So it’s 2018. It’s a big year for me. It’s the year I will emerge visually as a man. I’m having top surgery on February 6th. I’ve been on Testosterone now for 4 months, and my voice, as well as other things, have really changed:
I’ve pretty much completed the coming out and name change process. It’s interesting getting used to people calling me “Max.” I like it – and it’s also a little strange.
My legal name change process will soon be underway – I’m submitting the paperwork to the county next week, and 45 days later, I’ll have a court order with my new name and gender marker. I’ll also be submitting a change to the NY state for a modification of my birth certificate. Then starts the fascinating cascade of administrivia. Social Security, banks, credit cards, driver’s license, passport, etc. etc.
So there’s a lot of practical things to think about and do.
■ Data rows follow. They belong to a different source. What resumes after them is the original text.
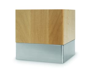 Neliönmallinen puujalka, valmistettu massiivipuusta. Jalan alareunassa on metallisomiste, joka antaa viimeistellyn ulkonäön.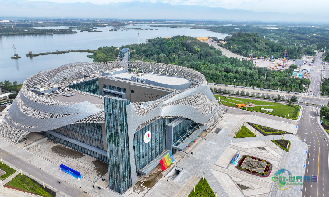图为8月28日在宁夏银川市拍摄的第七届中国—阿拉伯国家博览会开幕式举办地——宁夏国际会堂外景(无人机照片)。新华社记者 冯开华 摄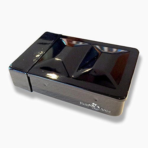 - HEAVY DUTY PALETTE/BOX - Enameled metal case has a built-in water flask, fold-out palette, snap-on water cup, thumb ring mounted on bottom of case, box can hold up to 12 half pans, or eight half pans leaving the center channel for travel brush, etc.

And I’m still wanting to hold this time as sacred – to hold this big change in my life and body, and this big change in the way I will live in the world.
I’m wanting to be conscious about how I am living into this person called “Max.” Who is this man I am becoming, and what is he like? It’s so interesting to get to do this consciously – of course, I did it once before, but it was without experience, without self-knowledge, or really knowledge of the world. But I still have so much to learn.
Ever since I was in my mid-20s, I have been committed to growth and consciousness/awareness. Perhaps it’s been life-long, but it’s at least been conscious since that time. Part of it is just what I’m made of, and part of it is that I could see, in the small bits I had begun to do at that time, that my life was materially better and happier for it.
And, in many ways, my transition is a direct outgrowth of this commitment.
There are some things that have surprised me about this process, and one of them is that the nature of emotional, spiritual and psychological work I will do is shifting.
One example: people say a lot that testosterone increases one’s access to anger and aggressiveness. In my life, I have had very, very little access to anger – mostly because expressing anger wasn’t OK growing up. In fact, a lot of my emotional work over the past few years was increasing my willingness to experience and express anger.
But after several small incidents, and one incredibly frustrating experience with a customer service representative last week, where I literally yelled at her (if you know me, you realize how unusual that is) I realize that this is not going to be my issue anymore. My issue is going to be how to control the expression of my anger.
Another example – I generally used to be able to depend on my ability to read other people’s emotions, but it seems that ability is changing. I seem to be less able to do that. There is actually scientific evidence for this. So my work moves into working to be more conscious, and asking when I don’t know.
It’s all good, but it’s really interesting to me to watch how this is changing for me.